Data section:
┄┄┄┄┄┄┄┄┄┄

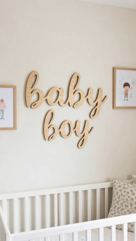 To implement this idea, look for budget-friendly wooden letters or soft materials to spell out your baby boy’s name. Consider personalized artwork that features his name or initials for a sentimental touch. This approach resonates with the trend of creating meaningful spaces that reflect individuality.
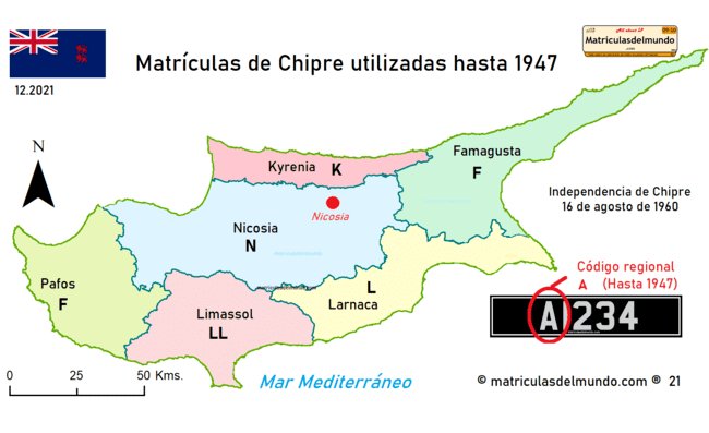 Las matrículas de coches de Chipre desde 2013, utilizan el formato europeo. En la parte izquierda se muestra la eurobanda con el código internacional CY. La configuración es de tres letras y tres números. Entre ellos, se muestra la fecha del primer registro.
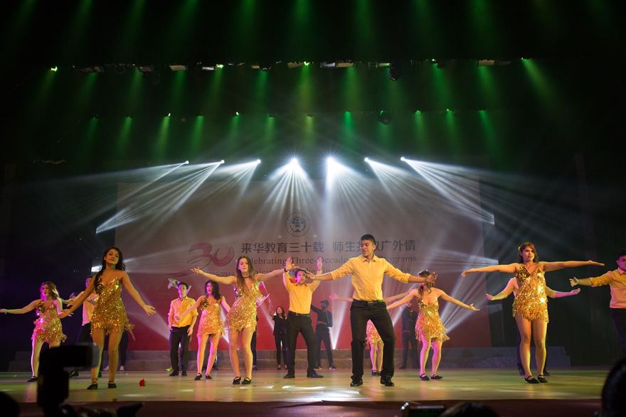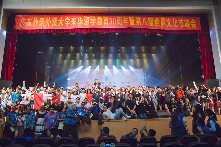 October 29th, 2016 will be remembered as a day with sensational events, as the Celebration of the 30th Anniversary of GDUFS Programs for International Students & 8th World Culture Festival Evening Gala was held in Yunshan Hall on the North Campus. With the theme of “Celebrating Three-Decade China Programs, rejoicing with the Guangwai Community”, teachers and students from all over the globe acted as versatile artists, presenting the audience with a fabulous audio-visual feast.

┄┄┄┄┄┄┄┄┄┄

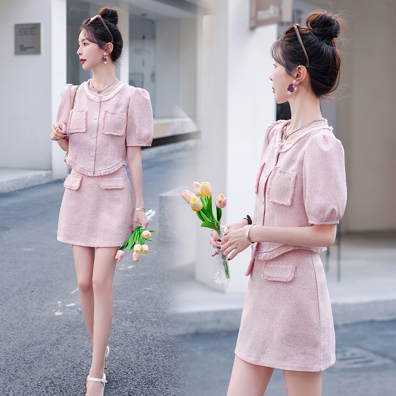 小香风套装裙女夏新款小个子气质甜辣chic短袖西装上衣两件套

┄┄┄┄┄┄┄┄┄┄

In the records above, copy exactly everything from the line that has "Las matrículas de" down to the line that has "October 29th, 2016", both ends included, and leave out the pictures.

Task solution:
 Las matrículas de coches de Chipre desde 2013, utilizan el formato europeo. En la parte izquierda se muestra la eurobanda con el código internacional CY. La configuración es de tres letras y tres números. Entre ellos, se muestra la fecha del primer registro.
 October 29th, 2016 will be remembered as a day with sensational events, as the Celebration of the 30th Anniversary of GDUFS Programs for International Students & 8th World Culture Festival Evening Gala was held in Yunshan Hall on the North Campus. With the theme of “Celebrating Three-Decade China Programs, rejoicing with the Guangwai Community”, teachers and students from all over the globe acted as versatile artists, presenting the audience with a fabulous audio-visual feast.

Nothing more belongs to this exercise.